The run-up to the election has been so lackluster that most of the members of the public queried by Eurasianet in the weeks ahead of the vote were unable to say when it was even taking place.
Gulnora, a 23-year-old Dushanbe resident, was among those who did not know the date for the vote, but she did say that she would be voting for Rahmon.
“The only [candidate] I know is the Leader of the Nation. He was with the people during the most difficult times, he put a stop to the war. So without a doubt I will vote for him,” Gulnora, who declined to provide her surname, told Eurasianet.
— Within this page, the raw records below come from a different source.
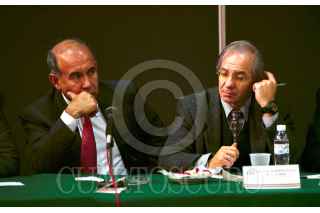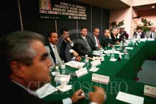 Juan S. Millán, gobernador de Sinaloa y Luis Pazos legislador panista, durante la reunión del primero con las comisiones de Hacienda y de agricultura, de la Cámara de Diputados. FOTO: Victoria Valtierra/CUARTOSCURO.COM
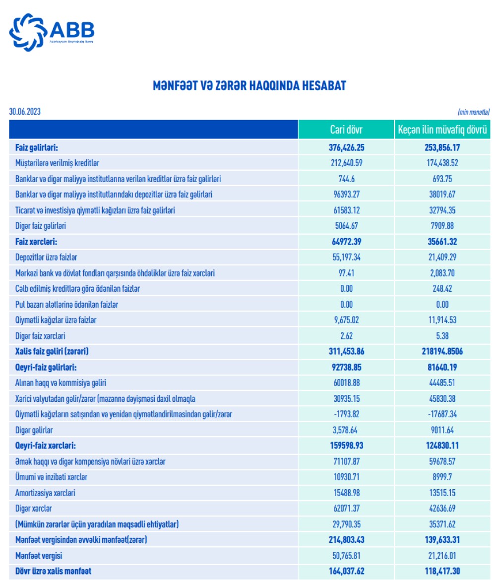 2023-cü ilin birinci yarısında ABB-nin faiz gəlirləri 122 milyon 570 min manat artaraq 376 milyon 426 min manat, qeyri-faiz gəlirləri isə 11 milyon 98 min manat artaraq 92 milyon 738 min manata yüksəlib.
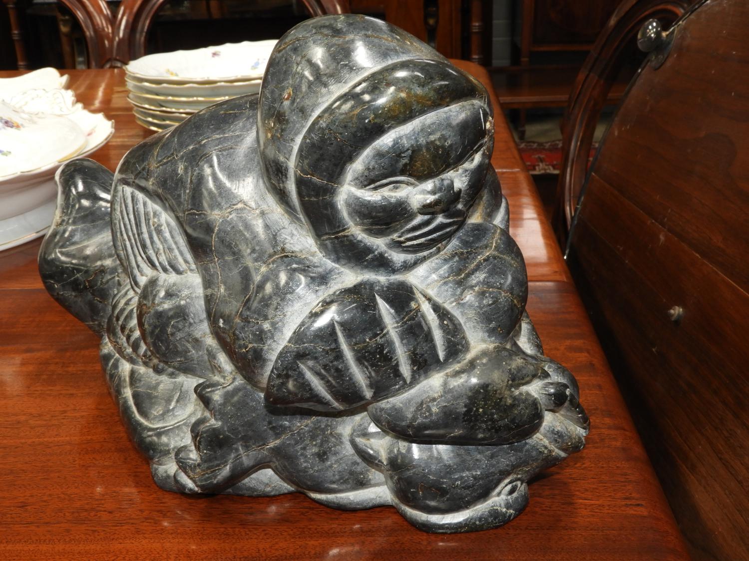 inuit carved stone figure of ahunter with seal, 9" x 15"
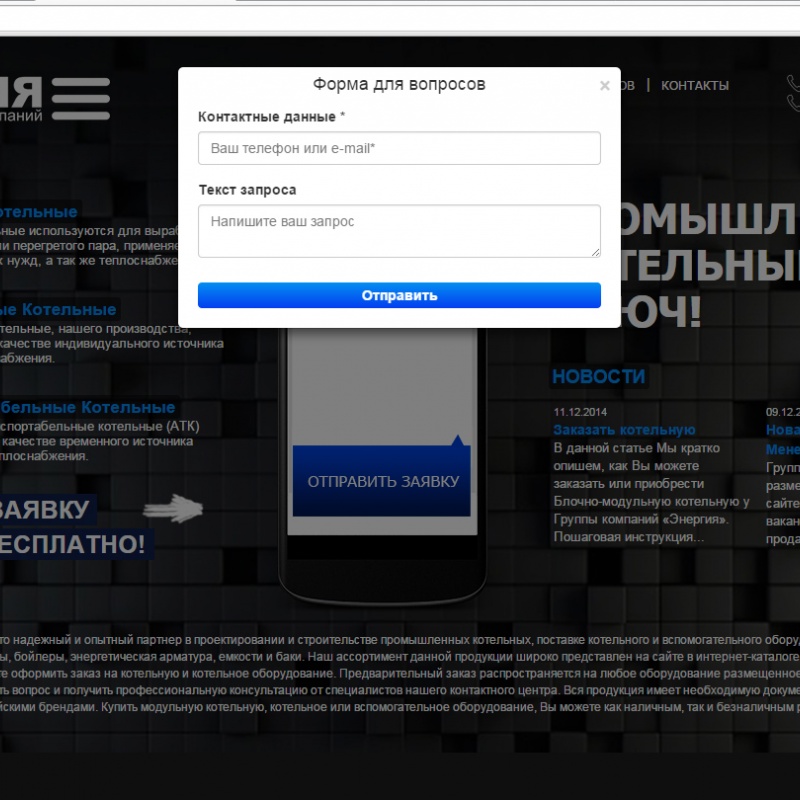 Обращаем Ваше внимание на особенности формы заказа на сайте Группы компаний "Энергия"
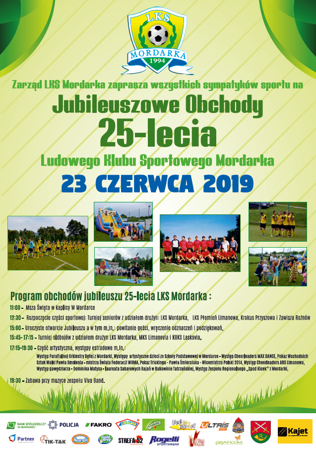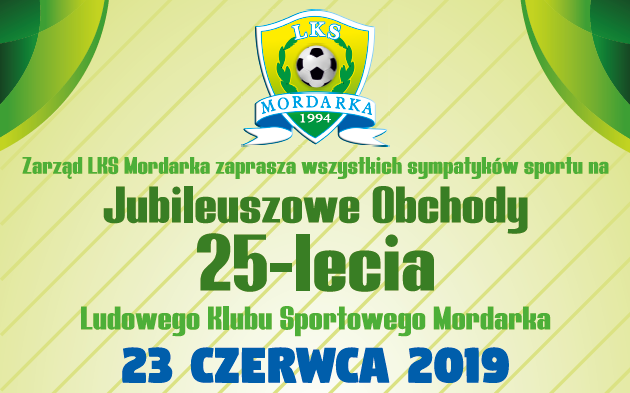 Zarząd LKS Mordarka zaprasza wszystkich sympatyków sportu na Jubileuszowe Obchody 25-lecia Ludowego Klubu Sportowego Mordarka. W programie wiele atrakcji dla każdego - turnieje, zabawy dla dzieci, występy artystów, mała gastronomia. Uroczystości zakończą się zabawą z zespołem Viva Band. WSTĘP WOLNY!
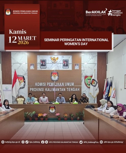 Komisi Pemilihan Umum Provinsi Kalimantan Tengah mengikuti pelaksanaan kegiatan seminar dalam rangka memperingati hari International Women's Day.
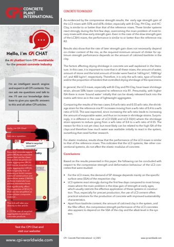 CONCRETE TECHNOLOGYCPI %u2013 Concrete Plant International %u2013 6 | 2025 www.cpi-worldwide.comAs evidenced by the compressive strength results, the early age strength gain of the LC3 mixes with 55% and 65% clinker, especially with B-Clay, PH-Clay, and HCClay, is similar to or better than that of the reference mixes. These binder systems react strongly during the first few days, overcoming the main problem of most binary mixes with slow early strength gain. Even in the case of the slow strength gain of the LC3(H) mixes, the performance is similar to or better than the reference mix R2.Results also show that the rate of later strength gain does not necessarily depend on clinker content of the mix, as the required minimum amount of clinker for optimum strength performance depends on the amount of calcined kaolinite in the clay.The factors affecting drying shrinkage in concrete are well explained in the literature. In this case, it is important to note that in all these mixes, the amount of water, amount of stone and the total amount of binder were fixed at 160 kg/m%u00b3, 1000 kg/m%u00b3, and 400 kg/m%u00b3, respectively. Therefore, it is only the w/b ratio, type of binder and/or the proportion of binders that controlled drying shrinkage of the specimens.In general, the LC3 mixes, especially with B-Clay and PH-Clay, have lower shrinkage strain, almost 50% lower compared to reference mix R1. Presumably, with higher ISA there is more %u2018bound water%u2019 initially that can be slowly released back into the matrix with time as in the case of lightweight aggregates.Comparing the results of the two cases, 0.4 w/b ratio and 0.55 w/b ratio, the shrinkage strain for the reference mix R1 increases moving from a w/b ratio of 0.4 to a w/b ratio of 0.55. This was expected, since increasing the w/b ratio leads to increasing the amount of evaporable water, and thus an increase in shrinkage strains. Surprisingly, it is different in the case of LC3-55(B) and LC3-55(H) where the shrinkage strain appears to reduce going from a w/b ratio of 0.4 to a w/b ratio of 0.55. The reason for this is not yet clear, but most likely can be related to the high ISA of the clays and therefore how much water was available initially to react in the system, something that need further research. For elastic modulus, results show that the performance of the LC3 mixes is similar to that of the reference mixes. This indicates that the LC3 systems, like other conventional systems, do not affect the elastic modulus of concrete. ConclusionsBased on the results presented in this paper, the following can be concluded with respect to the compressive strength and deformation behaviour of the LC3 concretes that were studied:%u2022 For the LC3 mixes, the demand of SP dosage depends mainly on the specific surface area (SSA) of the respective clay.%u2022 LC3 systems react strongly during the first few days compared to most binary mixes where the main problem is the slow gain of strength at early ages, which usually restricts the effective application of these systems in construction. Thus, especially for precast production, the use of LC3 cement offers practical solutions for the production of concrete with improved sustainability characteristics. %u2022 Apart from kaolinite content, the amount of calcined clay in the system, and the filler effect, the compressive strength performance of the LC3 concretes also appears to depend on the SSA of the clay and the alkali level in the system. CONCRETE PLANTINTERNATIONALTRADE JOURNALS FOR THE CONCRETE INDUSTRYAsk me a question.Hello, i%u00b4m CPi Chat!What is recycled concrete?Recycled concrete aggregates (RCA) are concrete waste that can be classified as fine recycled concrete aggregates (fRCA) and coarse recycled concrete aggregates (cRCA). RCA is typically free of masonry or brick components of construction and demolition waste (C&DW), as these materials have porous microstructures that significantly affect the properties of RCA [1]. RCA can be simplified as a two-phase composite material...This link will take you directly to the article:%u2022 [1] The use of recycled aggregates to produce concrete productsHello, i%u00b4mthe AI chatbot from CPI worldwide for the precast concrete industryI%u2018m an intelligent search engine and expert in all CPI contents. You can ask me questions and talk to me. I%u2018ll use our knowledge database to give you specific answers to this and all other CPI articles. www.cpi-worldwide.comTest the CPI Chat and visit our website:
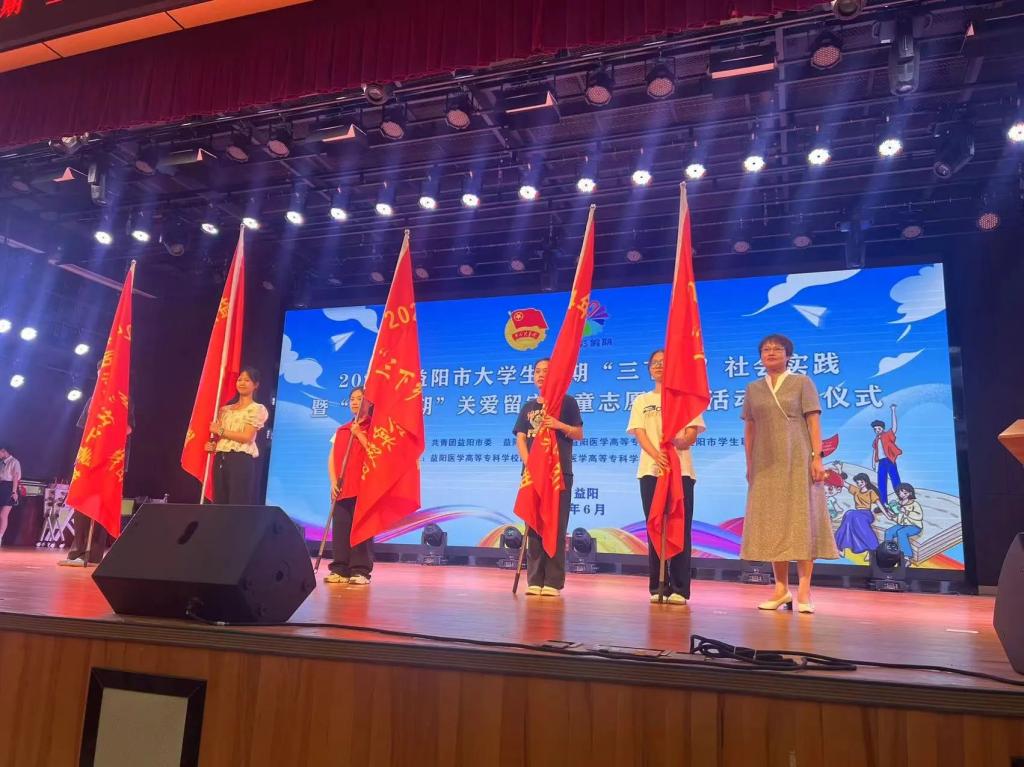 6月25日下午,由共青团益阳市委、益阳市教育局、益阳医学高等专科学校及益阳市学生联合会携手举办的2024年益阳市大学生暑期“三下乡”社会实践暨“七彩假期”关爱留守儿童志愿服务活动启动仪式在益阳医学高等专科学校举行,我校《和美“清溪”·艺起“村晚”》大学生志愿服务队、“艺”路“童”行志愿服务团、“以美塑村,以艺促兴”社会实践团、感光支教团、“达可tea”社会实践团、“心手相连'艺'路向前”志愿宣讲团等六支志愿服务团队作为学校代表受邀参加。
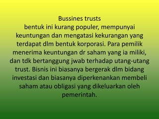 Bentuk-bentuk Kepemilikan Bisnis | Shandrakatherine's Blog Bentuk-bentuk kepemilikan bisnis. Terdapat beberapa bentuk perusahaan atau badan usaha, yaitu Bentuk ini merupakan suatu kerjasama antara beberapa perusahaan yang berasal dari beberapa negara, menjadi satu perusahaan untuk mencapai konsentrasi kekuatan ekonomi yang...
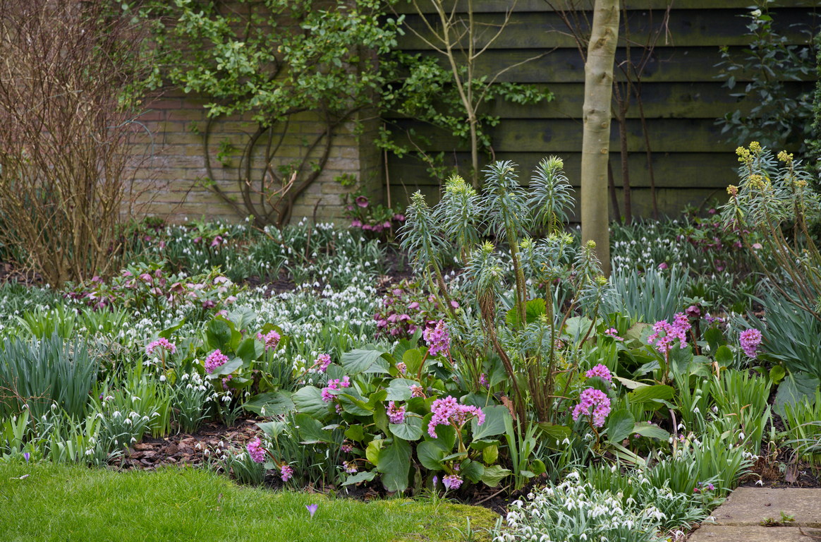 - Galanthus nivalis, Schneeglöckchen, Bergenia cordifolia
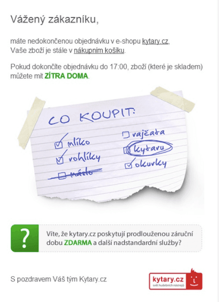 Když už si člověk dá do košíku nějaké produkty, tak už o ně má dost pravděpodobně veliký zájem. Připomeňte mu, že si u vás něco zapomněl nebo se ho zeptejte, zda nechce dokončit objednávku. Můžete mu také nabídnout slevový kupón, a ještě více ho tak motivovat.
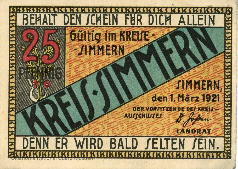 German City of Simmern Twenty-Five Pfennig Notgeld-1921Context

Despite the uncertainty about the date of the vote, turnout will, as usual, be extremely high. Implausible turnout figures are routinely returned by means of many expedients, including family voting, mobilizing state workers to cast their ballot and, for safe measure, ballot-box stuffing.
The only intrigue, according to Kabiri, is what will happen after Rahmon has been reconfirmed for another seven-year term.
“Rahmon is a spent force as both a leader and a manager. After the election, he will be forced to change his behavior and to admit that there are problems,” Kabiri told Eurasianet. “This process has already begun, as in his latest speeches, Rahmon has talked about the problems caused by the pandemic. He is readying the population psychologically.”
Sheraliyev is more sanguine and inclined to thinking the post-election period will bring more of the same, since the nomenklatura is not expected to undergo any changes.
“But it is possible that the authorities may tighten things on the economic front. And political pressure may be intensified to avoid any unrest arising from the bad state of the economy and falling living standards. The ranks of ‘the enemies of the people’ will expand,” Sheraliyev said. “As for freedom of speech, which barely exists now anyway, you can forget about that.”